START SOURCE DATA

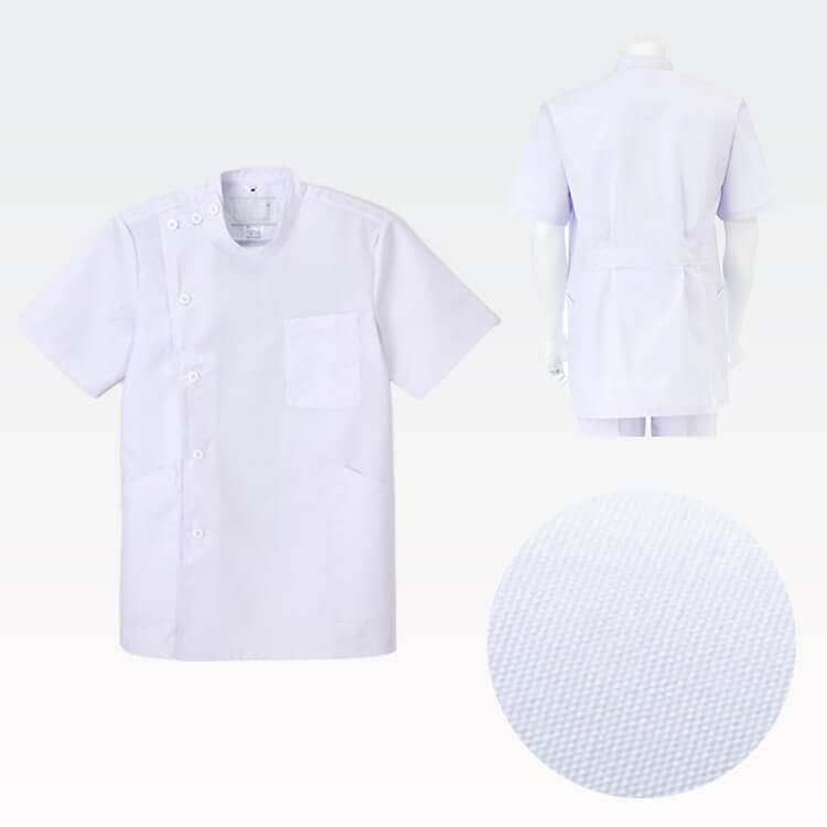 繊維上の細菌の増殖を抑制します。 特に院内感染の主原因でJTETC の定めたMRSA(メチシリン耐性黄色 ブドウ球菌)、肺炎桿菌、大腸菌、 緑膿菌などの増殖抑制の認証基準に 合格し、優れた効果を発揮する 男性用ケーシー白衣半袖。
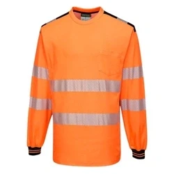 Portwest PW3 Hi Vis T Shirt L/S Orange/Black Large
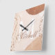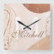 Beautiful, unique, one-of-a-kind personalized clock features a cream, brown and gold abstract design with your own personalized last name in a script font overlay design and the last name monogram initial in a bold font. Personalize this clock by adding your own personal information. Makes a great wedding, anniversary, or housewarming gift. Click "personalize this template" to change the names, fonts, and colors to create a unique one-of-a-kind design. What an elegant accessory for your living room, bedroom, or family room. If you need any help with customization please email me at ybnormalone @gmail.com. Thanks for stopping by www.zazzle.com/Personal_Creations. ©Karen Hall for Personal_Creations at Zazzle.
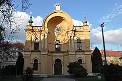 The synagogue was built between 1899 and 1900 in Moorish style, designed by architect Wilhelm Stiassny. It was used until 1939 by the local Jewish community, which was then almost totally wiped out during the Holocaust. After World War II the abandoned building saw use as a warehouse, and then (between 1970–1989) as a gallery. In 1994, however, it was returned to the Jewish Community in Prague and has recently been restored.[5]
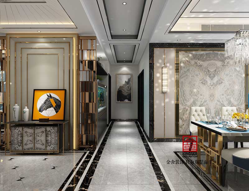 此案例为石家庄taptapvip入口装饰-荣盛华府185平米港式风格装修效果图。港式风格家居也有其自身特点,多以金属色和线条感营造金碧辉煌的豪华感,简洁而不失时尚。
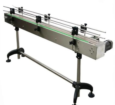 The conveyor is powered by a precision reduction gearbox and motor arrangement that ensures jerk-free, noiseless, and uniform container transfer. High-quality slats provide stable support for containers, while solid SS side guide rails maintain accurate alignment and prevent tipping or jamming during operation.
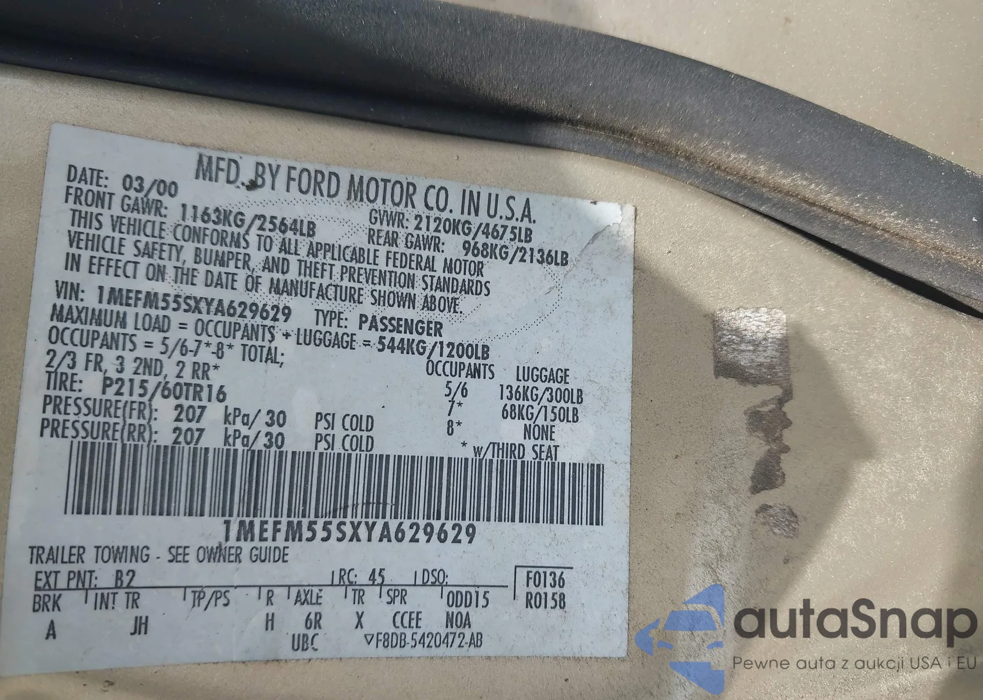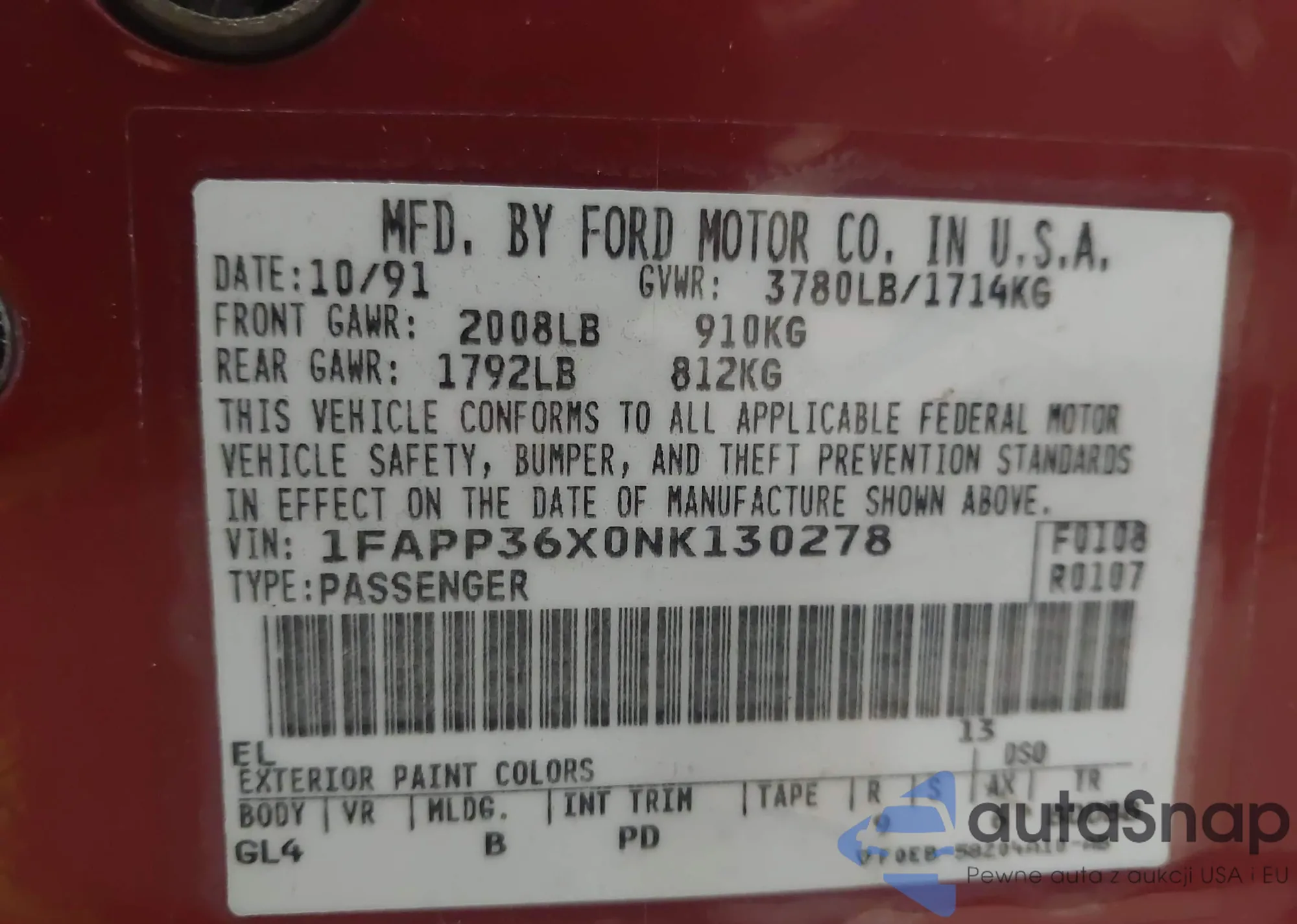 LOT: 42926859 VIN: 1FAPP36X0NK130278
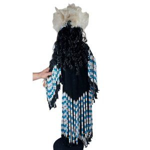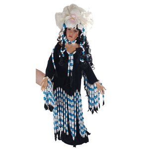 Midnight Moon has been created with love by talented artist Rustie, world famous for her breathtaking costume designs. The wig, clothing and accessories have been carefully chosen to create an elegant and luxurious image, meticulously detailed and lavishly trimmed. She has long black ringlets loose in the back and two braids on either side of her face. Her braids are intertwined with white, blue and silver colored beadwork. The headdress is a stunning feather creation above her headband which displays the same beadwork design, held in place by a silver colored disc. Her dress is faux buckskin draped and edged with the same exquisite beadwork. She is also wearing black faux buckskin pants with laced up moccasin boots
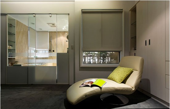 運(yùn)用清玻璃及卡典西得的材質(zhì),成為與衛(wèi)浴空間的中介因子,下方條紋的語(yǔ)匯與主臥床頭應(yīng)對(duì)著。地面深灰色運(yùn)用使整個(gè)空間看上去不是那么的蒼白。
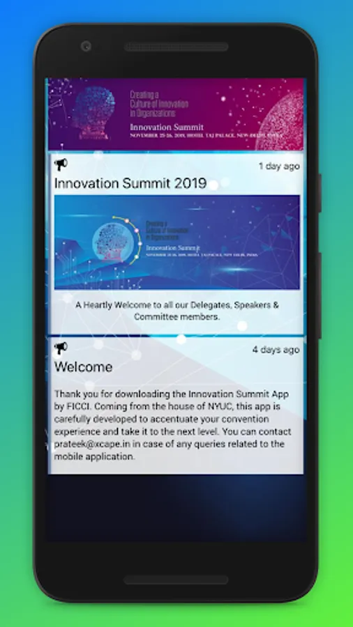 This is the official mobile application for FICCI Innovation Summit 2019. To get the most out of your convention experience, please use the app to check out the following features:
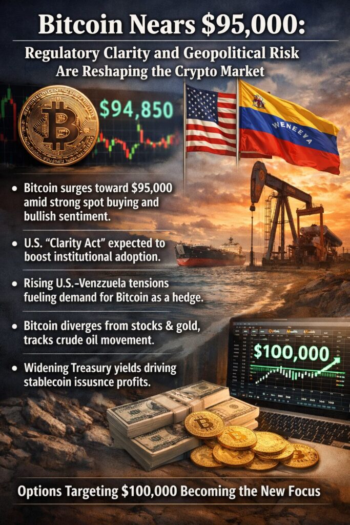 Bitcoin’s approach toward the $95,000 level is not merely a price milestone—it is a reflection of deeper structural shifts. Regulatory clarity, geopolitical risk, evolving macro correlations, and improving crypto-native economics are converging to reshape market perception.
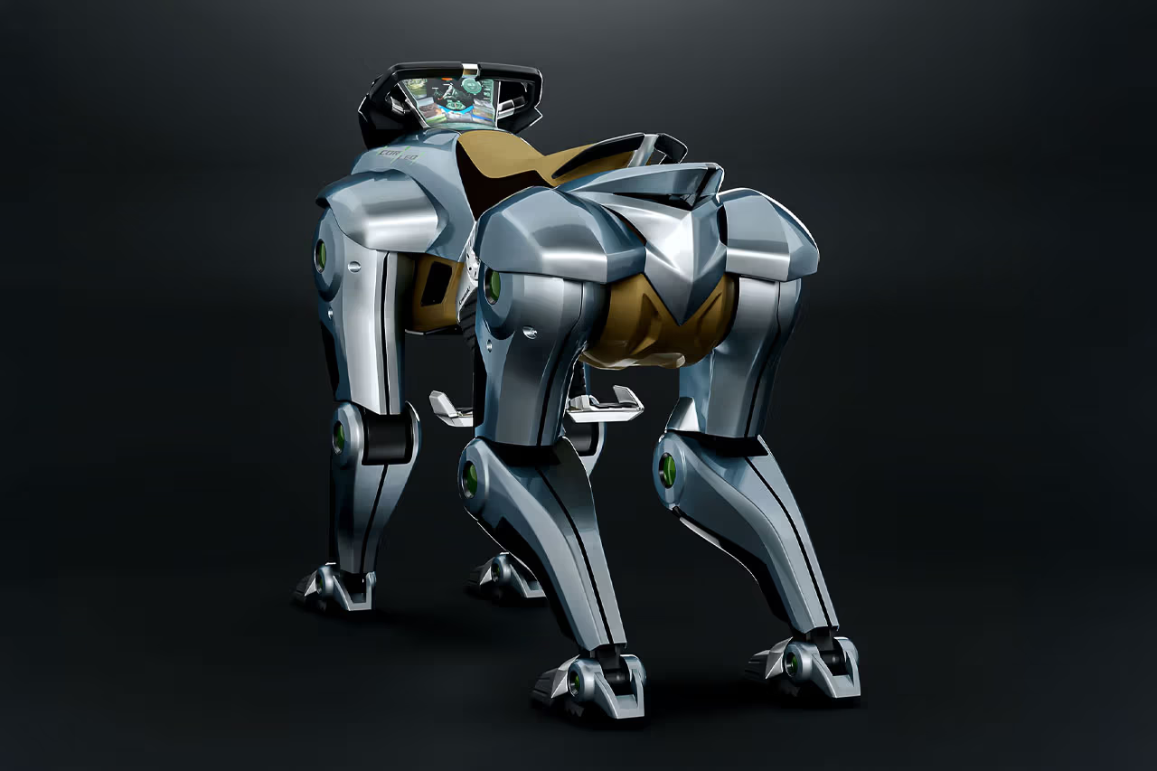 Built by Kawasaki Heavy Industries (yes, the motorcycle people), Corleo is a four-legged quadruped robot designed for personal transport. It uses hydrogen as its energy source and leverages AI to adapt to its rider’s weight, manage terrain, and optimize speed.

END SOURCE DATA

§ **WHAT YOU SHOULD DO**:
Only one part of the material above is wanted: the lines from the one with "The synagogue was" up to and including the one with "LOT: 42926859 VIN: 1FAPP36X0NK130278". Please copy them exactly, pictures left out.

§ **EXERCISE ANSWER**:
 The synagogue was built between 1899 and 1900 in Moorish style, designed by architect Wilhelm Stiassny. It was used until 1939 by the local Jewish community, which was then almost totally wiped out during the Holocaust. After World War II the abandoned building saw use as a warehouse, and then (between 1970–1989) as a gallery. In 1994, however, it was returned to the Jewish Community in Prague and has recently been restored.[5]
 此案例为石家庄taptapvip入口装饰-荣盛华府185平米港式风格装修效果图。港式风格家居也有其自身特点,多以金属色和线条感营造金碧辉煌的豪华感,简洁而不失时尚。
 The conveyor is powered by a precision reduction gearbox and motor arrangement that ensures jerk-free, noiseless, and uniform container transfer. High-quality slats provide stable support for containers, while solid SS side guide rails maintain accurate alignment and prevent tipping or jamming during operation.
 LOT: 42926859 VIN: 1FAPP36X0NK130278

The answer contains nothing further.